N.C. PIRG: Pay for transit 

If you're a typical American family of two adults and one child, you've received your $1,500 "economic stimulus" check from the federal government. And, since Feb. 13, when President Bush authorized that check, you've already spent it all—at the gas pump.

So says the N.C. Public Interest Research Group (N.C. PIRG) in a new report called Squandering the Stimulus. The situation's akin to Americans signing over their rebates to big oil companies or oil-producing countries, according to the group. A better use of the money—which would cost a lot less—would be to provide federal aid to public-transit projects that would reduce our dependence on cars and imported oil for the long term, N.C. PIRG attorney Shana Becker says.

Here are the facts as Becker sees them: First, the stimulus plan cost taxpayers $168 billion. Second, the average family's gasoline bill has eaten up their $1,500 already. Third, the nation's public transit system produced net gasoline savings of 3.4 billion gallons in 2006, the latest year for which data is available, which at current prices translates to $13.6 billion in household savings for gas. That's to say nothing of time saved by avoiding traffic congestion.

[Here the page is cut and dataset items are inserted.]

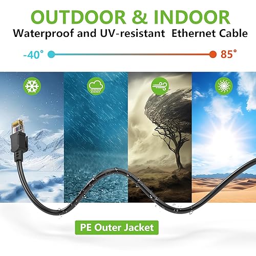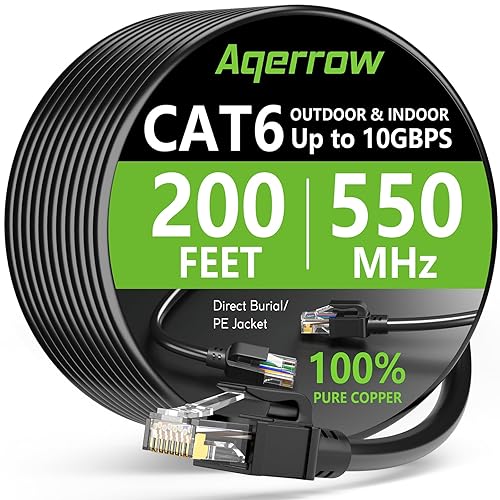 Cat 6 Ethernet Cable 200 FT,10Gbps Ethernet Cable, High Speed UV Resistant, Direct Burial, Waterproof, Outdoor&Indoor RJ45 Cat6 Cable LAN Internet Cable for Router, Modem, PS4/5, Xbox - Black
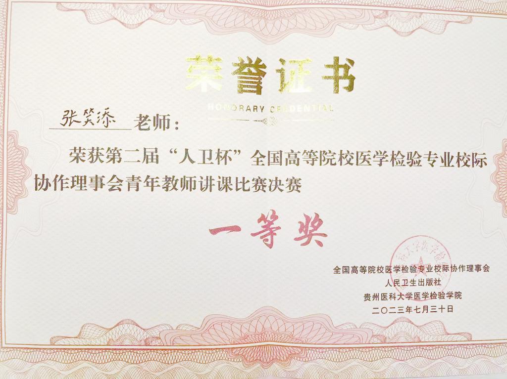 7月27至7月30日,全国高等院校医学检验专业第22次校际协作会暨第二届“人卫杯”医学检验青年教师讲课比赛决赛在贵阳举行,必赢医学检验系教师张笑添、郝广萍入围决赛,以出色的表现分别荣获一等奖。会议由全国高等院校医学检验专业校际协作理事会主办,贵阳医科大学承办。来自上海交通大学医学院、四川大学医学院、重庆医科大学、大连医科大学等全国40余所高等医学院校60余名教师参赛。
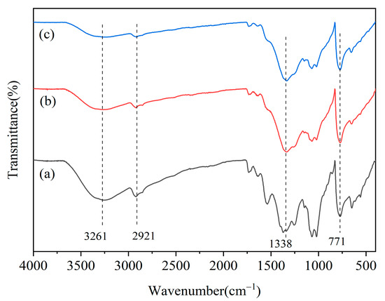 FTIR spectra of h-BN coatings with different mass concentrations. Note: (a) 1% h-BN; (b) 5% h-BN; (c) 10% h-BN.
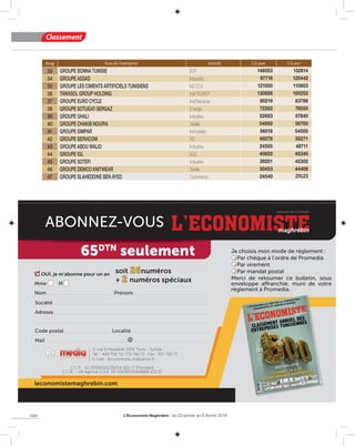 Le document présente un classement des entreprises en Tunisie selon leur chiffre d'affaires en milliers de dinars pour les années 2016 et 2017. Il inclut des informations sur divers secteurs d'activité tels que l'industrie, les services, et le transport aérien, et met en évidence les principaux acteurs du marché. Le document comporte également des données sur les exportations des entreprises, fournissant ainsi un aperçu des performances économiques de ces entités.
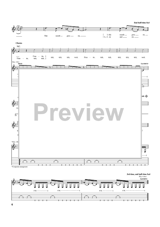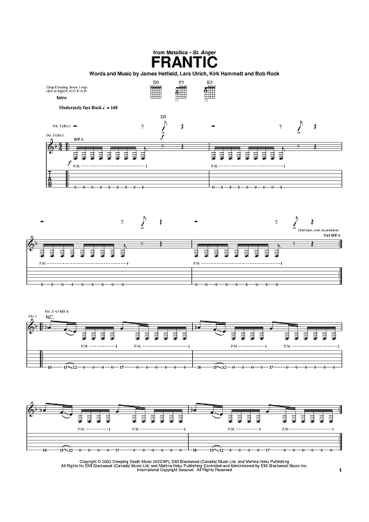 Digital Sheet Music for Frantic by Metallica, Kirk Hammett, James Hetfield, Lars Ulrich scored for Guitar Tab; id:371707
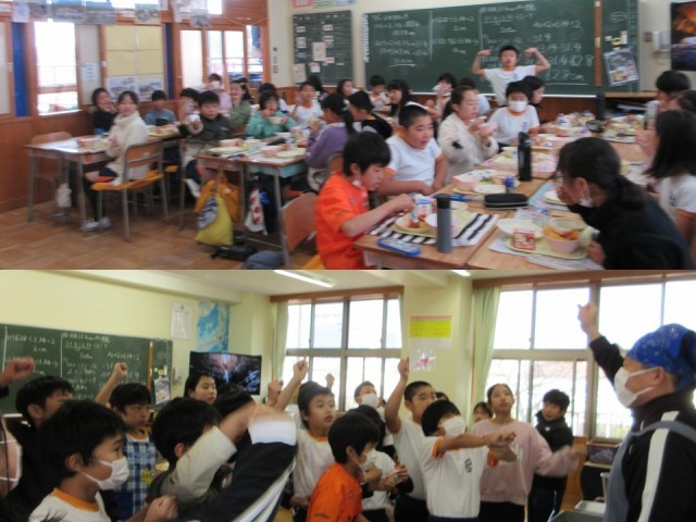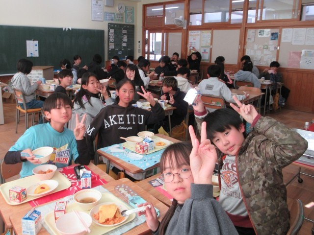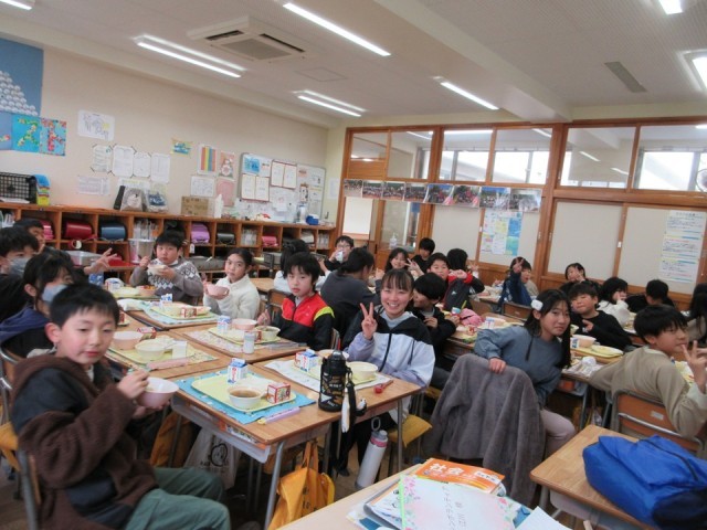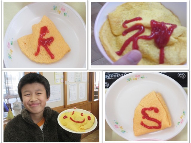 写真は、可愛いオムライスを作ったり、おかわりじゃんけんでもりあがったり、牛乳パックのチェックしたり、給食時間を楽しんでいる5年生です。
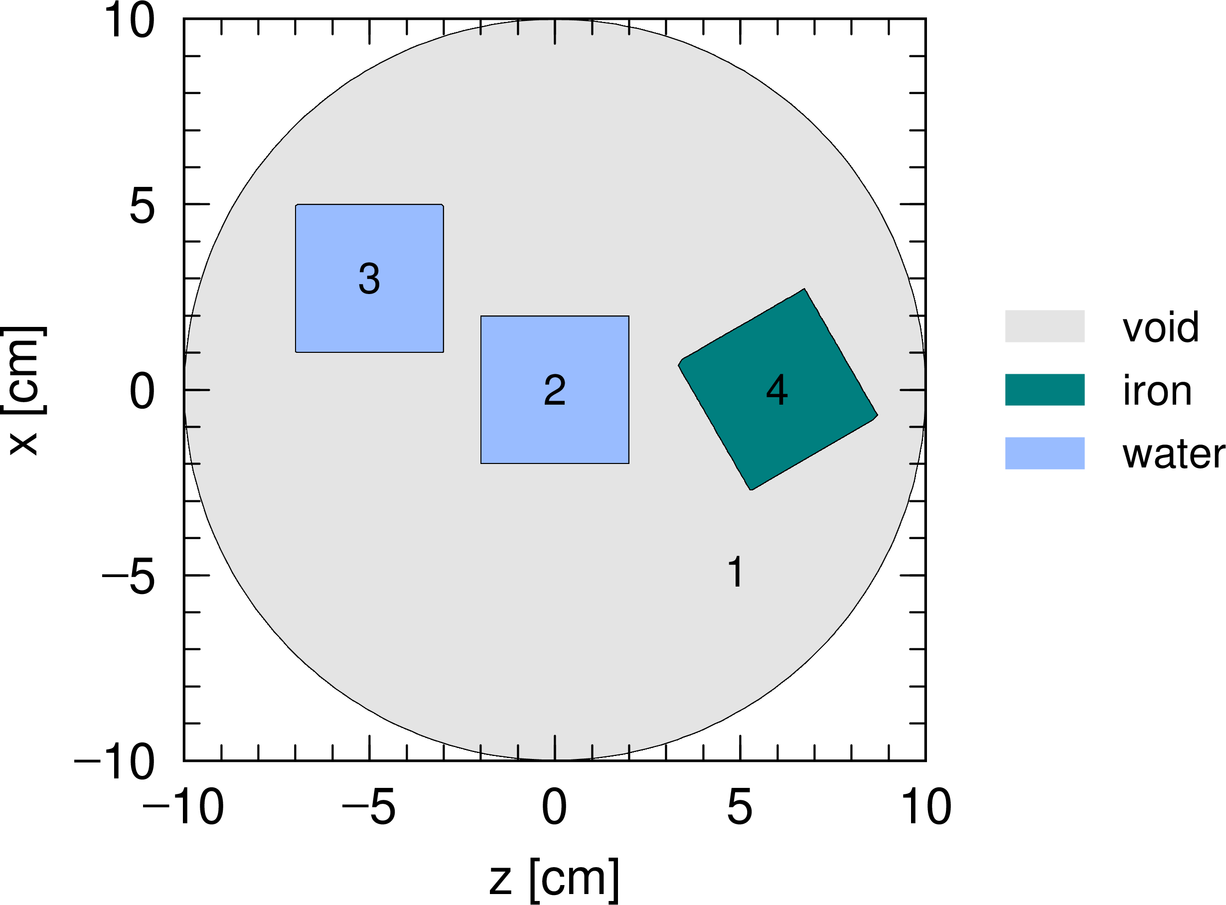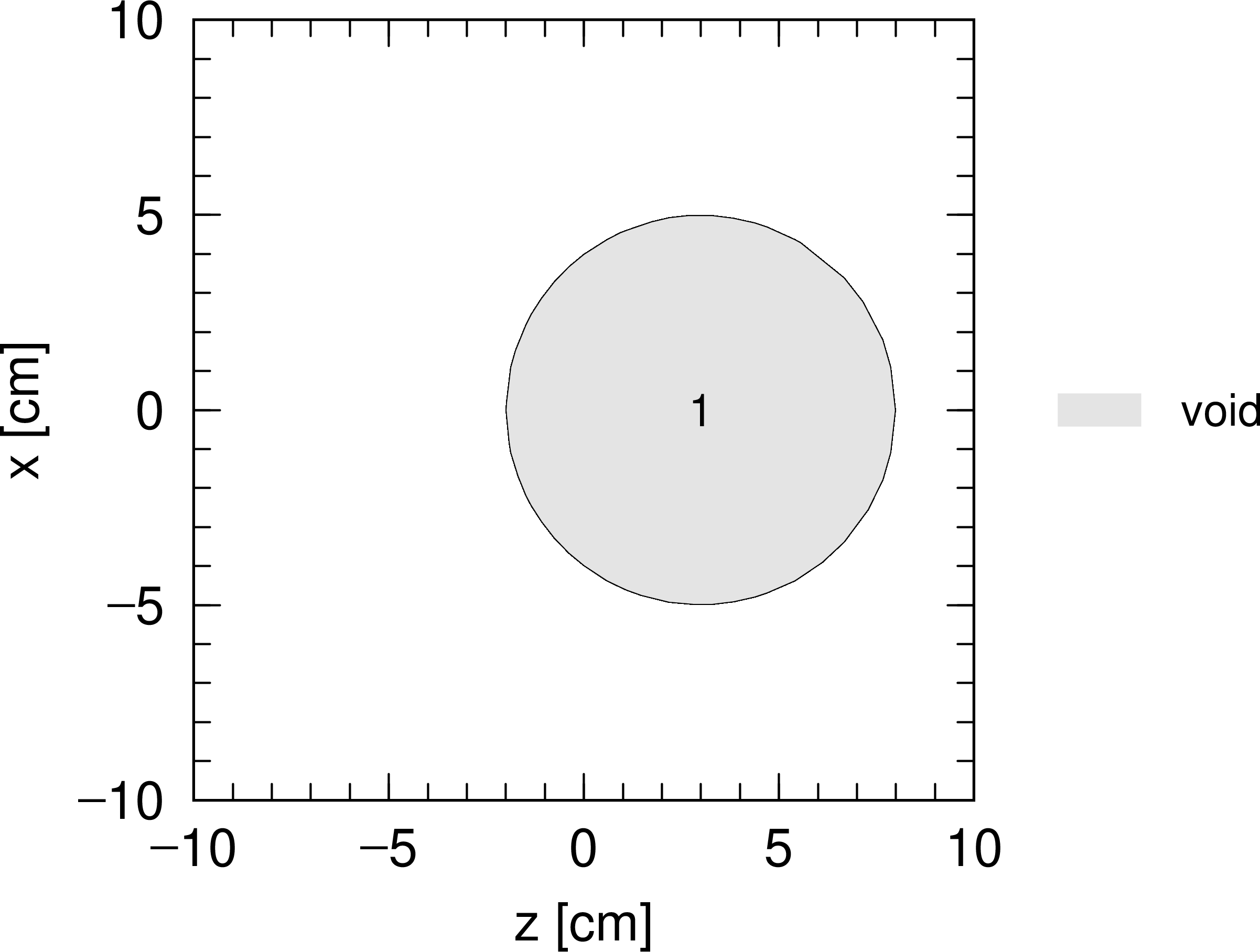 この例では、面番号10で中心 \((0,0,3)\)、半径5 cm の球面を定義しています。 5行目の SZ を用いて定義される面番号10の面は中心を \((0,0,3)\)、半径を 5 cm とする球面であるため、方程式は \(f(x,y,z)=x^2+y^2+(z-3)^2-5^2=0\) となります。 球の内はマイナス側、外はプラス側と定義されますが、これらは球の中心の座標 \((0,0,3)\) や球の外の適当な座標 \((0,0,10)\) を代入して、 \(f(0,0,3)=-25<0\)、 \(f(0,0,10)=24>0\) となることから確認できます。 [cell] セクションではこのような領域の区切り方を行った上で、必要に応じて各領域にセル番号を付与します。 例題(1)の2行目では、セル番号1のセルがボイド(真空)であることと、その領域が球面のマイナス側であることが定義されており、 図 5.6.1 で示す仮想空間を構築します。 図 5.6.1 は、例題(1)でつくられる領域を \(xz\) 平面で切った断面図として見たものです。本来は球ですが、2次元平面で見た結果円となっています。 例題(1)の3行目では外部ボイドが明示的に定義されており、そのセル番号を2と指定しています。
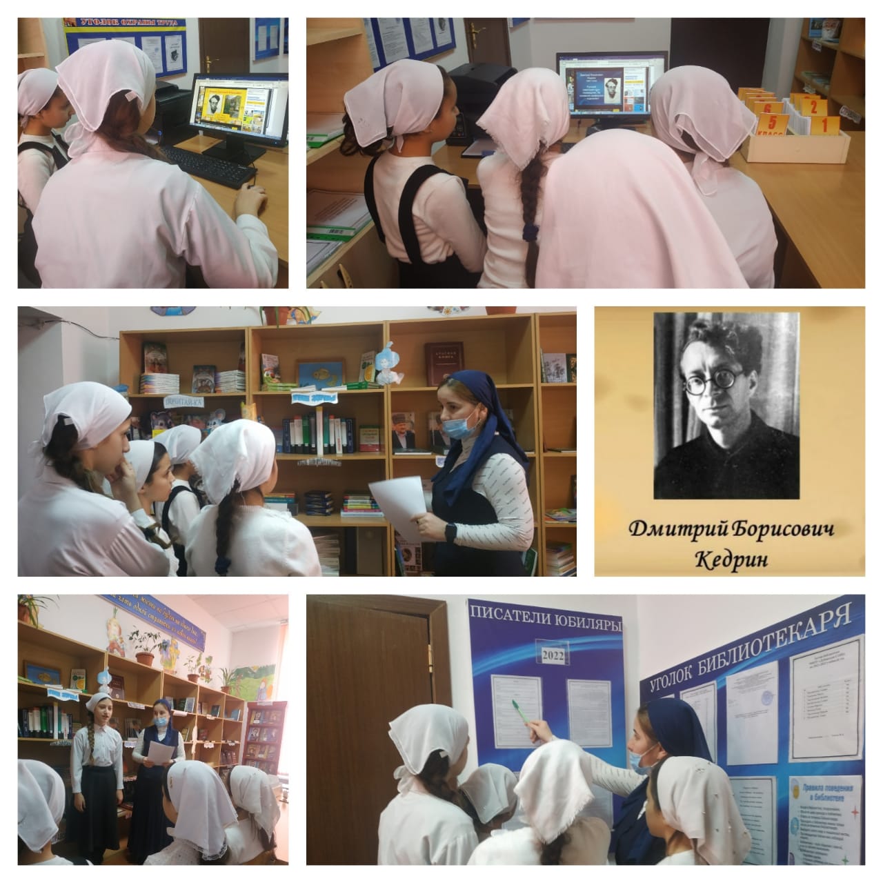 03.02.202203.02.2022 года в нашей школе библиотекарем Эдаевой Иман Абдулвахидовной в 5-х классах была проведена беседа на тему: " 4 февраля - 115 лет со дня рождения Д.Б. Кедрина".Цель беседы: познакомить учащихся с творчеством Д.Б. Кедрина.
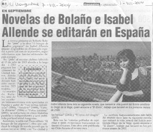 Novelas de Bolaño e Isabel Allende se editarán en España. [artículo]
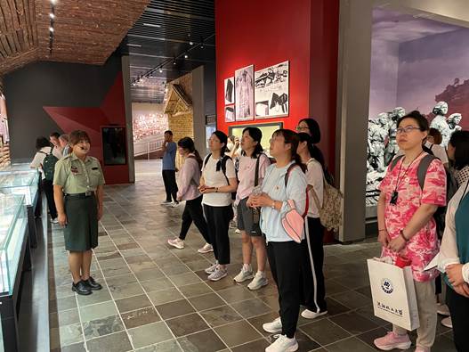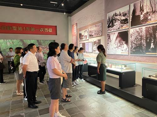 学习交流后,在讲解员的引领下,大家有序地参观了陈列馆各展厅,一张张图片、一件件实物、一段段文字,大家在实物展品前驻足凝视,在“地窨子”的情境中、在“八女投江”的群雕下、在杨靖宇等抗联英雄事迹图片前体验斗争的艰苦卓绝,感受英雄的悲壮和历史的庄严。
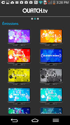 L'appli OUATCH TV sous Android permet de regarder l'antenne en direct, d'accéder aux rediffusions de toutes les émissions, aux news publiées sur le site, et de partager tous ces contenus via Facebook et Twitter, tout en interagissant avec les présentateurs et invités des émissions diffusées en direct.
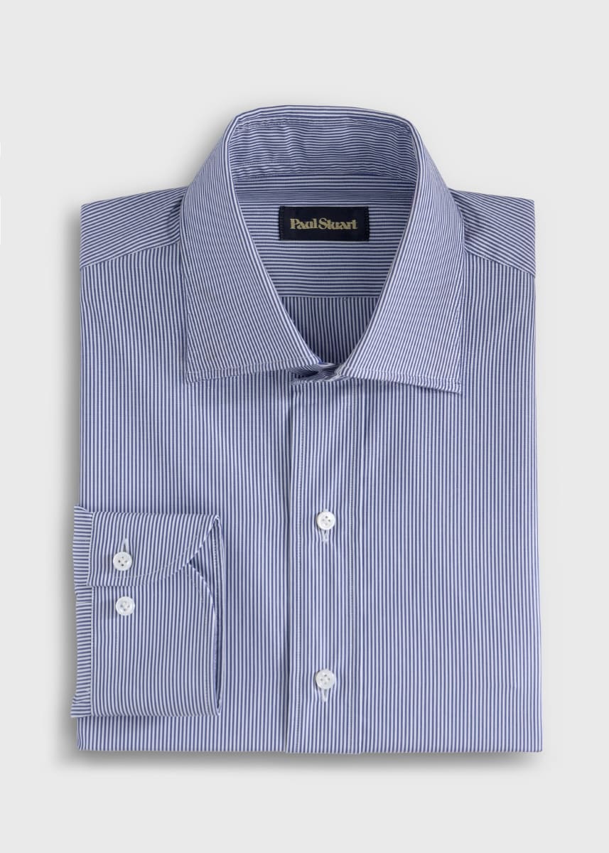 Stripe shirting adds an element of style to your tailored wardrobe. Crafted from Italian cotton, this slim fit Bengal stripe dress shirt adds a pop of color and pattern to your everyday tailoring. Features include Italian fabric, slim fit, Prince of Wales collar, barrel cuff, single needle stitching, mother of pearl buttons, and made in Canada.

Very little of those savings came in North Carolina, however. Here, public transit saved just 1 million gallons of gas, since we have so little transit. (Charlotte started light-rail service in 2007.)

Becker notes that transit ridership is surging nationwide as gasoline prices jump. Nonetheless, there's little federal money for new rail and bus lines.

N.C. PIRG's solution: Congress should enact the "Saving Energy Through Transportation Act," which would authorize an additional $1.7 billion for public transit expansion. Raleigh and Durham would each receive about $1.1 million a year for two years from the bill, she says.

Meanwhile, legislation in the General Assembly that would authorize Triangle counties to tax themselves for new transit projects appeared stalled last week. Identical bills in both houses would allow urban counties to enact a 1/2-cent sales tax dedicated to transit with voters' approval.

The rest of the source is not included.